Get the boolean mask where values are nan


In [ ]:
df.isnull()

Drop any rows that have missing data


In [ ]:
df.dropna()

In [ ]:
df.dropna(how='any')      # but 'any' is the default value...

Drop any rows that have missing data in a given column


In [ ]:
df.dropna(subset=['B'])

In [ ]:
df.dropna(subset=['B', 'C'])

Drop any columns that have missing data


In [ ]:
df.dropna(axis=1)

In [ ]:
df.dropna(axis=1, how='any')      # but 'any' is the default value...

Drop any columns that have missing data in a given row


In [ ]:
df.dropna(axis=1, subset=[2])

In [ ]:
df.dropna(axis=1, subset=[1, 2])

Filling missing data


In [ ]:
df.fillna(value=999)

Count the number of NaN values in a given column


In [ ]:
df.A.isnull().sum()

Miscellaneous operations on data frames

Transpose of a data frame


In [ ]:
data_array = np.array([np.arange(1, 10, 1), np.arange(10, 100, 10), np.arange(100, 1000, 100)]).T
df = pd.DataFrame(data_array,
                  index=np.arange(1, 10, 1),
                  columns=['A', 'B', 'C'])
df

In [ ]:
df.T

Merge


In [ ]:
a1 = np.array([np.arange(1, 5, 1), np.arange(10, 50, 10), np.arange(100, 500, 100)]).T
df1 = pd.DataFrame(a1,
                   columns=['ID', 'B', 'C'])

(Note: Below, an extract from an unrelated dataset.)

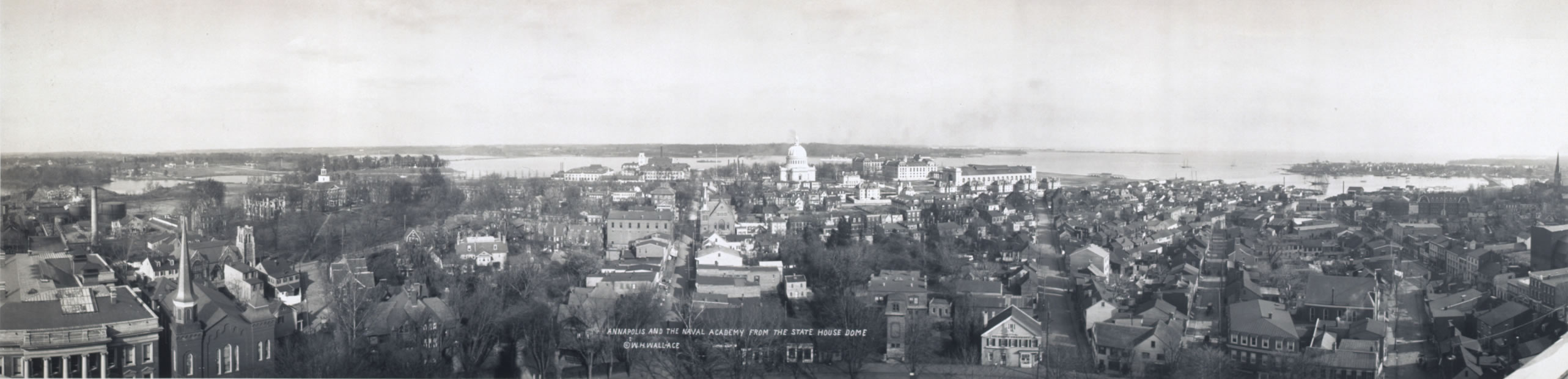 View of Annapolis, Maryland and the Naval Academy from the Maryland State House dome. Image taken in 1911.

a2 = np.array([np.arange(1, 5, 1), np.arange(1000, 5000, 1000), np.arange(10000, 50000, 10000)]).T
df2 = pd.DataFrame(a2,
                   columns=['ID', 'B', 'C'])

display(df1)
display(df2)

df = pd.merge(df1, df2, on="ID", suffixes=('_1', '_2'))  #.dropna(how='any')

display(df)

Merge with NaN


In [ ]:
a1 = np.array([np.arange(1, 5, 1), np.arange(10, 50, 10), np.arange(100, 500, 100)]).T
df1 = pd.DataFrame(a1,
                   columns=['ID', 'B', 'C'])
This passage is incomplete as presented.